These past few weeks have found me with more time on my hands than usual due to feeling, as my mother would say: “Not myself Today”.
To fill my idle mind I found an unwatched DVD of Tim Stoppard’s Shakespeare in Love. Over 20 years old, this film starring Joseph Fiennes and Gwyneth Paltrow (before she grew rich and balmy) still feels fresh and for any lover of Elizabeth London is essential watching.
There is a boatman (the predecessor of London cabbies) who ferries Shakespeare across the Thames while bragging, “I had that Christopher Marlowe in my boat once.” After another crossing, as Shakespeare steps ashore, the boatman tries to give him a script to read. The contemporary feel of the humour (like Shakespeare’s coffee mug, inscribed ‘Souvenir of Stratford-Upon-Avon’) makes for a very accessible journey into the Shakespearean theatre.
Philip Henslowe the owner and producer of the Rose Theatre has advanced money for Will’s latest working title: ‘Romeo and Ethel, the Pirate’s Daughter’, but our playwright has writer’s block and is just practising his signature. This amongst a host of contemporary references: Shakespeare had many spellings to his name; street cries pay reference to the Bard’s writings “A curse on both your houses; A Rose by any other name”, among others.
The film opens with Hugh Fennyman (Tom Wilkinson) demanding monies owed from Henslowe by: “holding his feet to the fire”.
In Shakespearean theatre, it was conventional not to notice the gender disguises (in fact I’ve watched an excellent all-women Taming of the Shrew at the Globe), and Shakespeare in Love asks us to grant the same leeway, as Viola first plays a woman auditioning to play a man and later plays a man playing a woman. As the young man auditioning to play Romeo, Viola wears a moustache and trousers and yet somehow inspires stirrings in Will’s breeches; later, at a dance, he sees her as a woman and falls instantly in love.
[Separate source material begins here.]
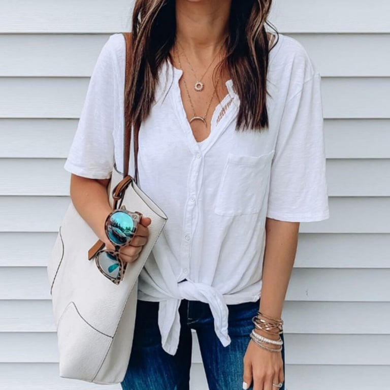 Blusa de mujer con mangas cortas y escote en V. Corte holgado con cierre de botones y detalle de nudo.

With Will’s love interest ignited his writer’s block disappears and he finds himself writing one of the world’s greatest plays. Like Romeo and Ethel, both “Star cross lovers” their love is doomed as Viola is to be married in two weeks to the odious Lord Wessex (Colin Firth), who will trade his title for her father’s cash.
The title of the play is suggested by vain Ned Alleyn (Ben Affleck) who was London Elizabethan theatre’s greatest actor at the time and to his surprise finds his character dies in Act 3.
Like the play we know today, the film is a romance that leaps across barriers of wealth, titles and class. The story is ingeniously Shakespearean in its dimensions, including high and low comedy, coincidences, masquerades and jokes about itself.
At the same time we get a good sense of how the audience was deployed in the theatres, where they stood or sat and what their view was like, and also information about costuming, props and stagecraft, this was, after all, a city in which 1 in 10 went to the theatre every week.
It all goes to show that London, the West End and cabbies have hardly changed these past 400 years.